Ryba did not return from the heights until late afternoon, and then she sent Aemra to fetch Saryn from the armory. Saryn set aside the blade she was sharpening and hurried up the stone steps that seemed to get longer as the day progressed.
Ryba was seated, waiting. The table was bare. She gestured to the chair across from her.
Saryn seated herself, and since Ryba did not speak, asked, “How are you finding the ice fields?”
“That suggests you want to know why I’ve been riding to the heights. Do you really think that knowing that would be useful to you as arms-commander, Saryn?”
“I couldn’t say without knowing what you’re accomplishing up there…besides returning with ice to preserve various foods.”
Ryba smiled, a distant expression. “Do you know why I need to ride up there?”
Wasn’t that what I just asked, if more politely? “I’d appreciate it if you’d tell me, ser.”
“Don’t humor me, Saryn.”
“I already asked, politely…Ryba.”
The iron in Ryba’s voice began to soften as she spoke. “The more bodies that are crammed into Westwind, the harder it is for me to sort out what I truly see from what I worry about. I find that in the quiet and the cold amid the ice, matters become clearer.”
Are matters ever really that clear? Or are they just clear for you?
“You will find, in your own time, Saryn, that clarity of vision and purpose are everything. You cannot be distracted by what might be, or what might have been. There is only what was, is, and will be. All the rest are either wistful thoughts or useless nightmares.” Ryba smiled, an expression filled with a mix of emotions that Saryn wasn’t certain she wanted to know. “That doesn’t mean you won’t have both, in great measure. You just have to learn to know what they are and set them aside. One of the great weaknesses of most men is that they fail to recognize early enough which dreams are possible and will become real, and which are vain hopes.”
“Was the engineer that way?” Saryn kept her voice low.
Ryba looked hard at Saryn before her expression changed to one more amused and enigmatic. “The engineer was the kind of man who is the most dangerous. Upon occasion, he could turn unreality of the most impossible kind into hard accomplished fact, but he never understood the longer-term implications of each of those transformations.”
“The longer-term implications?” prodded Saryn gently. “Doesn’t every action have a consequence? Why would there be greater implications from a set of acts that appear at first sight to be less probable to result in success?”
Ryba laughed. “You’ve seen it, and you don’t understand? How likely was it that a single engineer who barely understood the natural laws that enable magery on this world and a singer could destroy the mightiest power on the continent of Candar?”
“Rather unlikely, but they did,” Saryn pointed out.
“Precisely. And what has happened as a result?”

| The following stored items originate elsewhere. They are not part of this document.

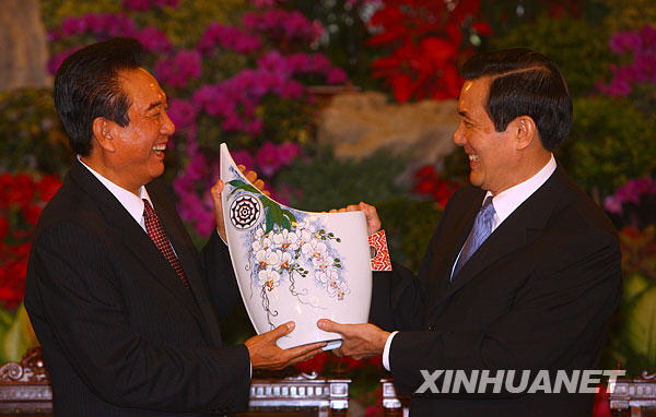 新華網快訊:馬英九與海協會會長陳云林的會面于11時5分許結束,雙方互贈了禮物。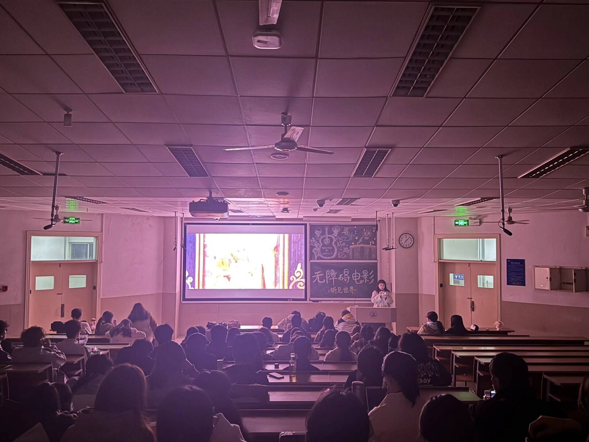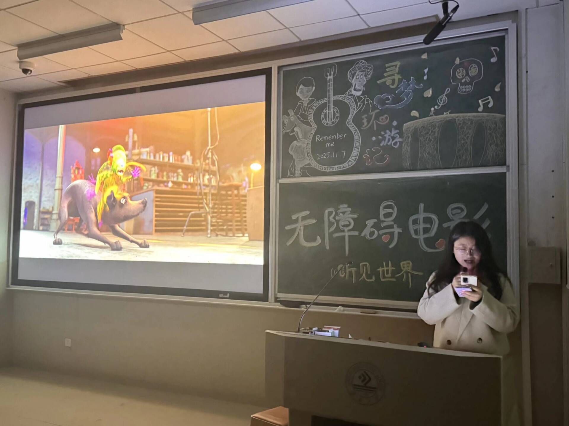 活动现场,同学们佩戴眼罩以隔绝视觉干扰,志愿者讲解员以细腻语言将电影画面转化为具象的听觉叙事:从场景氛围的明暗流转,到人物反应的细节变化,每一个镜头都被拆解为具象描述,引领大家“看见”完整的光影故事。在整个活动过程中,同学们将感官的重心落向听觉,深入体会盲人视角,体验到了以另一种形态铺展的世界。活动结束后,主办方随机采访两位同学,一位同学表示:“闭上眼后听觉格外敏锐,讲解员的声音像画笔,在脑海里勾勒出完整的画面,十分奇妙的体验。”另一位同学则分享:“这次‘黑暗’独处让我彻底放松,既感受电影魅力,又收获了内心的平静。”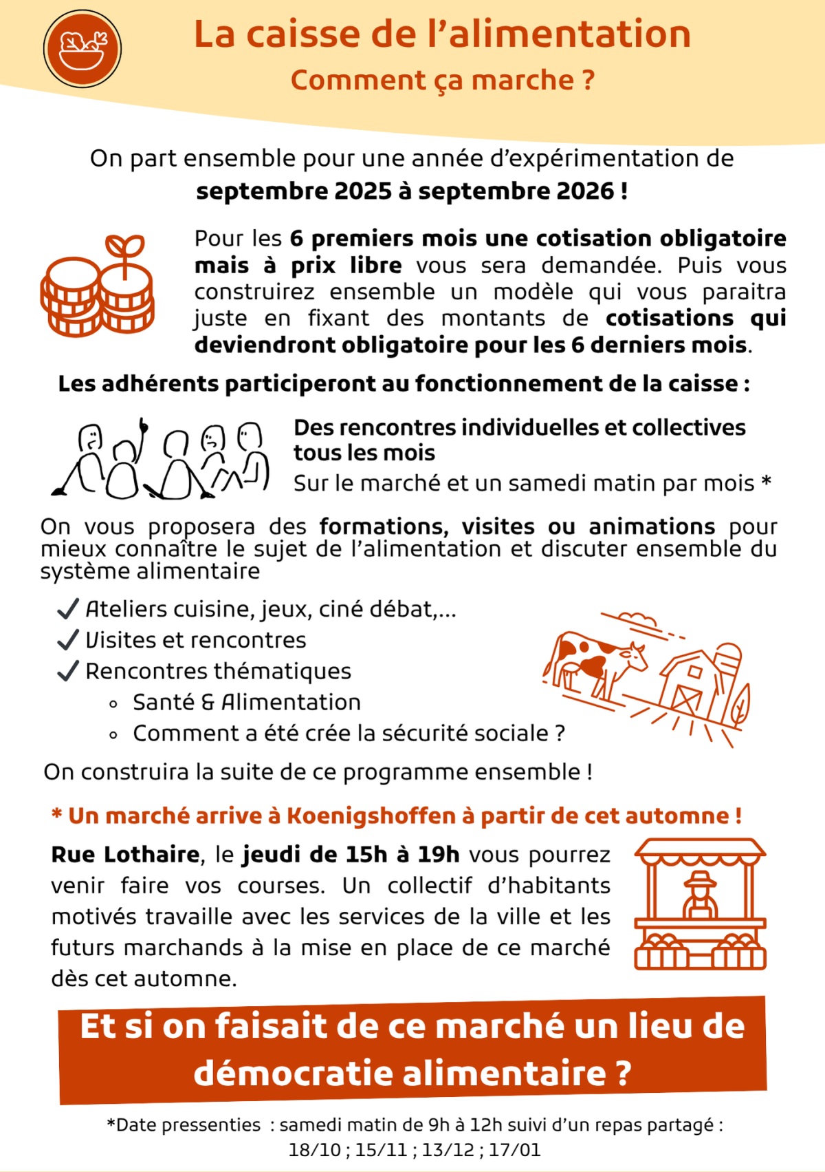 En tant que mangeur·euses je reçois tous les mois 100 € pour mes dépenses alimentaires pour mes achats sur le futur marché de Koenigshoffen (Rue Lothaire les jeudi de 15h à 19h). Une cotisation à prix libre vous sera demandée les 6 premiers mois, puis vous construirez ensemble le modèle pour les 6 mois suivants.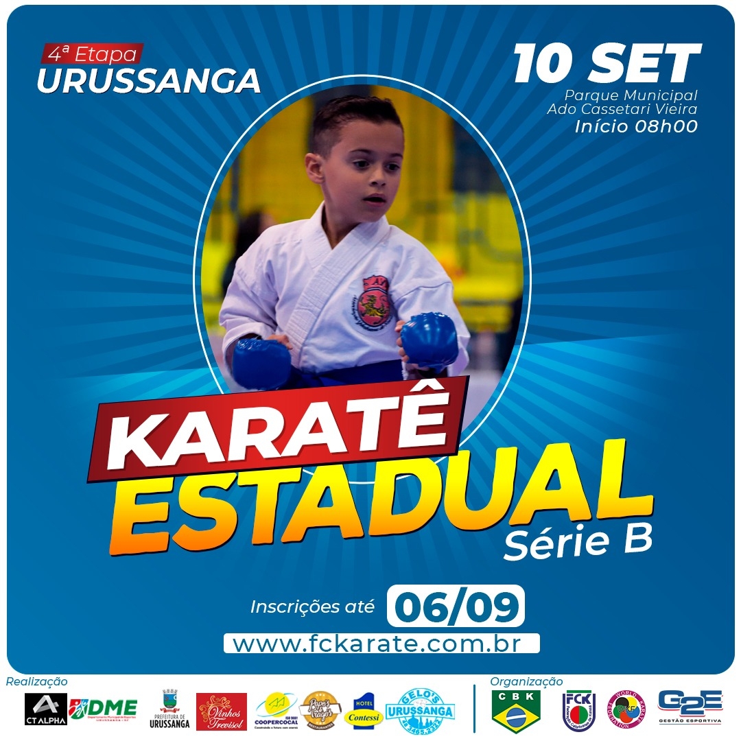 Neste sábado (10), a Praça D'Itália, no Parque Municipal Ado Cassetari Vieira, em Urussanga, será palco de uma grande competição. A partir das 8h, mais de 500 atletas de toda Santa Catarina, são esperados na 4° etapa do Campeonato Estadual de Karatê - série B.

“Lornth is weaker, but it remains independent.”
Ryba smiled coldly. “Had Cyador taken even the southern half of Lornth and held it, Lornth would have been forced to accept a position as a vassal state to Cyador, and Suthya would not even be attempting designs on Lornth. In turn, Arthanos would not even be considering moving a force into the Westhorns. By accomplishing the improbable and what was considered impossible, the engineer created a set of circumstances that actually weakened Westwind.”
“Weakened us? We would have had Cyador as a neighbor.”
“Had Cyador taken Lornth, that would have returned the empire to its largest historical territorial borders. Cyador could not have afforded to expand any more, certainly not in the next century. Westwind would not have been seen as a danger, but as a buffer, a small land that neither Gallos nor Cyador would have wished the other to have, but which neither really would have wanted. In turn, that stability would have blocked the Suthyan expansion into Rulyarth and kept the Suthyans at bay, and we would have been free to trade with all three. Cyador would not have cared if women fled to us because it would have made Lornth more stable. Karthanos and his son would not have been able to complain if discontented women left their land for Westwind.”
“So you’re saying, by destroying Cyador, Nylan threatened the survival of Westwind?”
“He increased the level of that threat. That much is certain.” After a pause, Ryba added, “That is why I struggle to see what will be, because the ripples in reality created by his acts distort what will now occur.”
Saryn certainly hadn’t thought in those terms, but she’d seen enough of what Ryba had foreseen to know that the Marshal was no mystic and, in some way Saryn did not pretend to understand, could see pieces of a future that was unknowable to anyone else, at least so far as Saryn could determine. “What do we do now, then?”
“What we must, you and I together, and you and I separately.” Ryba cleared her throat. “We have at most four eightdays…”
Saryn listened intently, trying not to be distracted by all the implications of what Ryba had said earlier.